Die Erzdiözese von Mexiko erhebt eines ihrer ikonischsten marianischen Heiligtümer zum Wallfahrtsort

Die Erzdiözese von Mexiko erhebt eines ihrer ikonischsten marianischen Heiligtümer zum Wallfahrtsort

Die Kirche Unserer Lieben Frau vom Berge Karmel, eines der ikonischsten Gotteshäuser von Mexiko-Stadt und Zentrum einer tief verwurzelten marianischen Frömmigkeit, wird auf Beschluss von Kardinal Carlos Aguiar Retes, dem Primas von Mexiko, offiziell zum Heiligtum erhoben.

Die Nachricht wurde durch ein vom Kardinal selbst unterzeichnetes Dekret bekannt gegeben, in dem er mitteilt, dass die Entscheidung am vergangenen 29. April nach Beratung mit dem Priesterrat getroffen wurde. Mit dieser Maßnahme erkennt das Erzbistum von Mexiko die spirituelle Bedeutung an, die dieser Kirchenbau im Laufe der Jahre als Wallfahrts- und Gebetsort für Tausende von Gläubigen erlangt hat.

Eine Anerkennung jahrzehntelanger Volksfrömmigkeit

In dem Dokument erinnert Aguiar Retes daran, dass Heiligtümer einen besonderen Platz im Leben der Kirche einnehmen, da sie aus der Volksfrömmigkeit hervorgehen und den Gläubigen bevorzugte Räume für Gebet, Bekehrung und die Begegnung mit Gott bieten.

Der künftige Status als Heiligtum bedeutet die offizielle Anerkennung einer Realität, die um die Karmelkirche von San Ángel bereits seit langem gelebt wird. Generationen von Katholiken haben dieses Gotteshaus aufgesucht, um sich der Jungfrau vom Berge Karmel anzuvertrauen, einer der weltweit am weitesten verbreiteten und beliebtesten marianischen Anrufungen.

Der Primas von Mexiko nutzte die Gelegenheit zudem, um den Karmelitenbrüdern für ihre jahrzehntelange pastorale Betreuung des Ortes zu danken.
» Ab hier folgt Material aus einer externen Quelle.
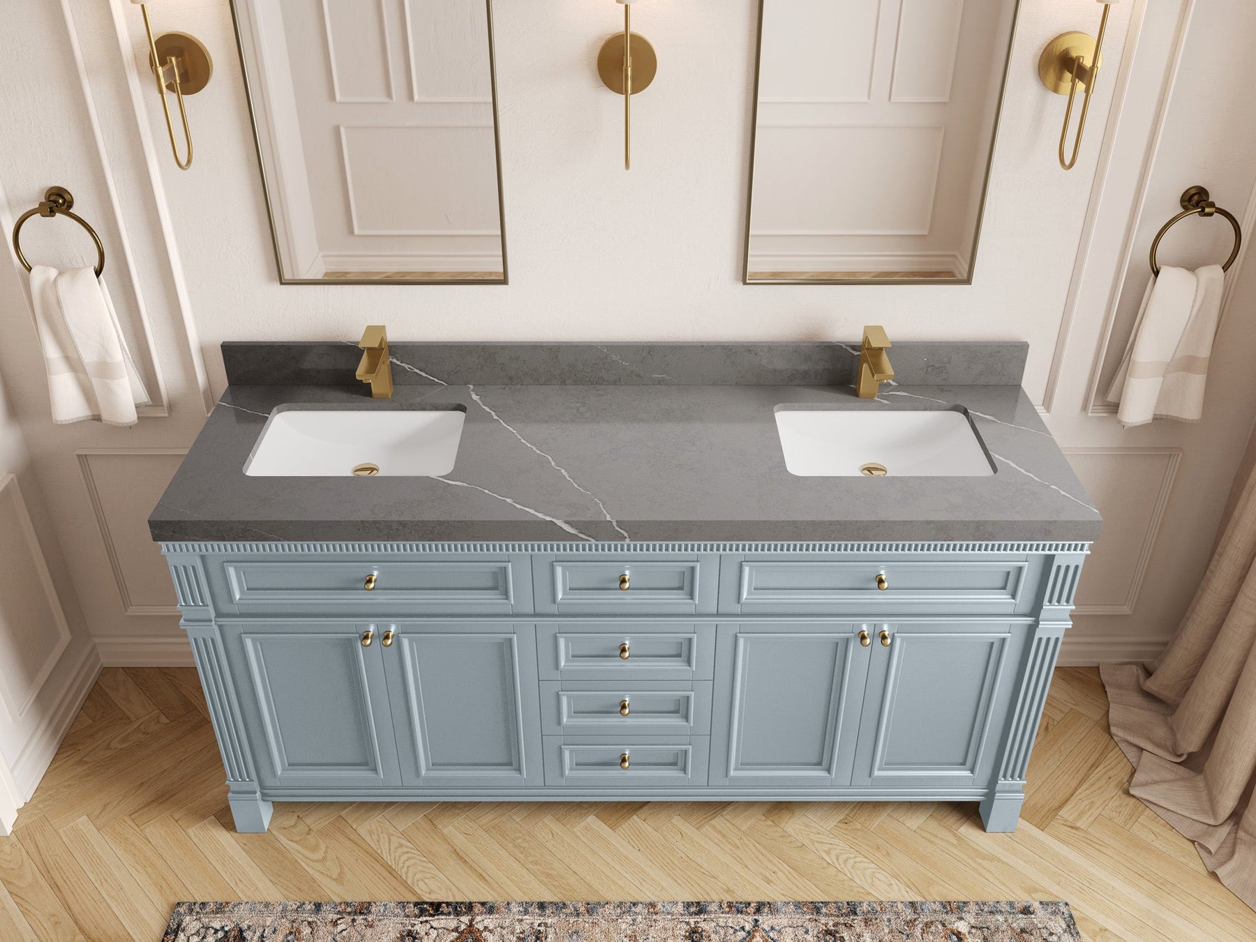 Vanity Countertops options: For Calacatta Laza Quartz, Empira White Quartz, Pure White Quartz, Palissandro Quartz we have 2 options Straight-Mitered Edge and Double Cove Edge; For Calacatta Nuvo Quartz, Carrara Marble, Carrara Quartz, Piatra Gray Quartz, Pearl Light Gray Quartz, Calacatta Black Quartz, Calacatta Gold Quartz, Calacatta Sienna Quartz, Calacatta Poanazzo Quartz, Venatino Quartz, Viola Brown Quartz, Viola Gold Quartz, Viola Night Quartz, Viola Biagio Quartz, Berkshire Brass Quartz, Frosty Carrara Quartz, Onyx Quartz, Terrazzo Golden Dusk we have Straight - Mitered Edge option.

Wie das Dekret betont, hat ihr Wirken entscheidend dazu beigetragen, die Verehrung Unserer Lieben Frau vom Berge Karmel zu festigen und die Kirche zu einem spirituellen Bezugspunkt für zahlreiche Gläubige zu machen.

Die Feier findet im Juli statt

Die offizielle Erhebung zum Heiligtum wird am kommenden 15. Juli um 19 Uhr stattfinden, am Vorabend des Festes Unserer Lieben Frau vom Berge Karmel.
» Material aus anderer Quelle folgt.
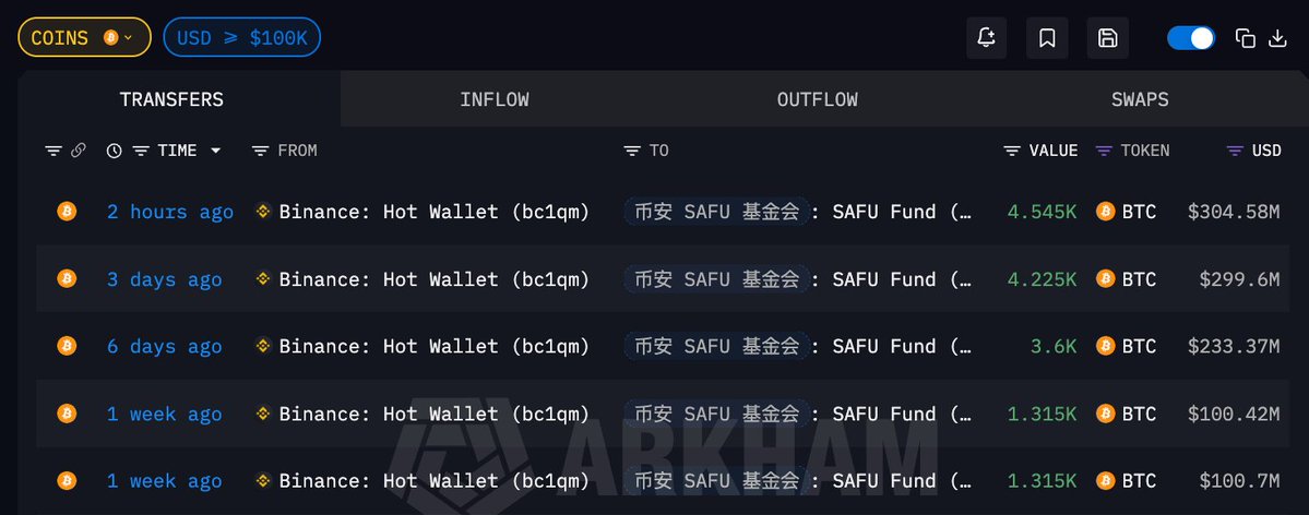 币安 SAFU 基金于 2 小时前完成了最后一笔 4545 $BTC 的购入,约 3 亿美元;至此 02.02 - 02.12 期间已累计买入 15000 枚 BTC,按 10 亿美元折算平均成本约 $66,666.66,好家伙这吉利的数字…
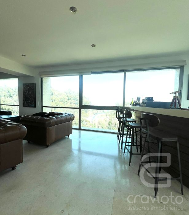 Iluminado, lujoso, amplio y con hermosa vista arbolada hacia Bosques de Santa Fe. Finos acabados. Pisos de mármol en áreas sociales y madera en recámaras.
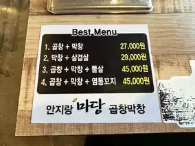 We had lunch and stopped by before our dinner appointment, so we decided to try the most basic menu and ordered the tripe and makchang set. They said that we could use the self-service bar for the side dishes that were lacking, and that we could cook the food a little more according to our taste after it came out. We like it cooked thoroughly, so we went to the bathroom to wash our hands while it was cooking. It was clean and well-managed, and we enjoyed delicious grilled tripe and makchang.
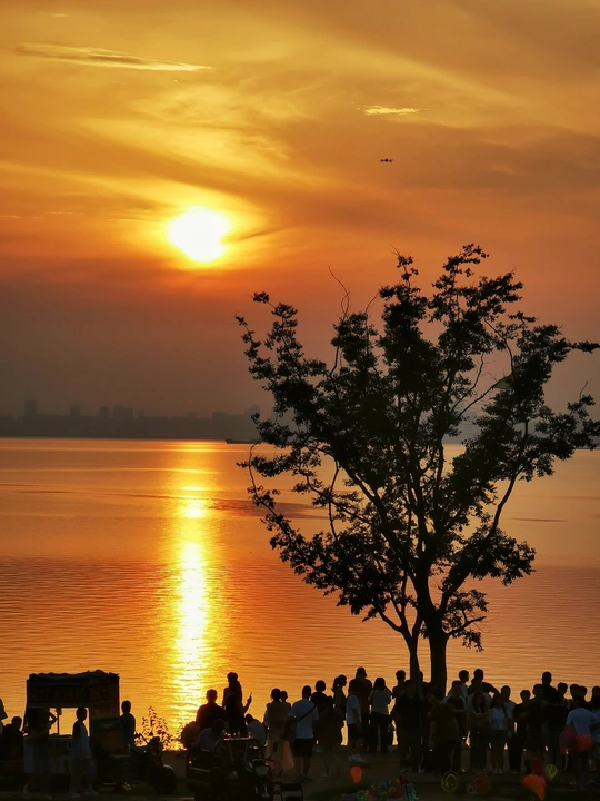 水天一色的金色黄昏,人们都聚集在这块有限观景台上欣赏这最美时刻……
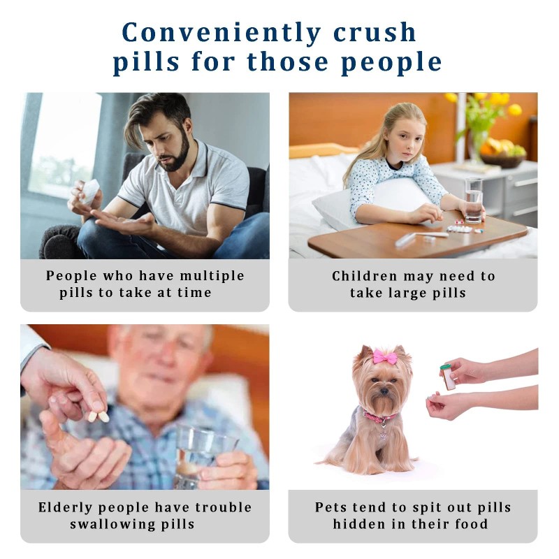 【Safty and Easy to Use】Simply put the tablets into the drug pulverizer cup, then close the cover and gently press the switch down to grind them into an easy to manage dose. The crusher starts when you press and stops when you put your hand down. Press for different times to control the thickness of the pill powder. In addition, only when the cover is aligned with the switch card can it be started, which is safer.

Die Feier fällt zudem mit dem Jubiläum des 75. Jahrestages der päpstlichen Krönung des im Kirchenbau verehrten Gnadenbildes zusammen, ein besonders bedeutsames Datum für die karmelitanische Gemeinschaft und die Verehrer dieser marianischen Anrufung.

Die Zeremonie wird von Weihbischof Héctor Mario Pérez Villarreal, Generalsekretär der Mexikanischen Bischofskonferenz, geleitet, der in Vertretung von Kardinal Aguiar handelt.

Ein Gebet für den Frieden im Heiligen Land

In seiner Botschaft lud der Kardinal alle Gläubigen des Erzbistums ein, an dieser Feier teilzunehmen, und bat darum, dass das Ereignis unter dem Schutz der Jungfrau vom Berge Karmel begangen werde.

Zugleich regte er an, diesen Gebetstag dem Frieden im Heiligen Land zu widmen, einer Region, die historisch mit den Ursprüngen des Karmeliterordens und einer marianischen Anrufung verbunden ist, die auch Jahrhunderte später noch eine tiefe Verehrung unter Katholiken weltweit weckt.

Mit dieser Entscheidung fügt das Erzbistum Primatial von Mexiko seinem geistlichen Erbe ein neues Heiligtum hinzu und erkennt offiziell die pastorale Relevanz eines der bekanntesten marianischen Wallfahrtszentren der mexikanischen Hauptstadt an.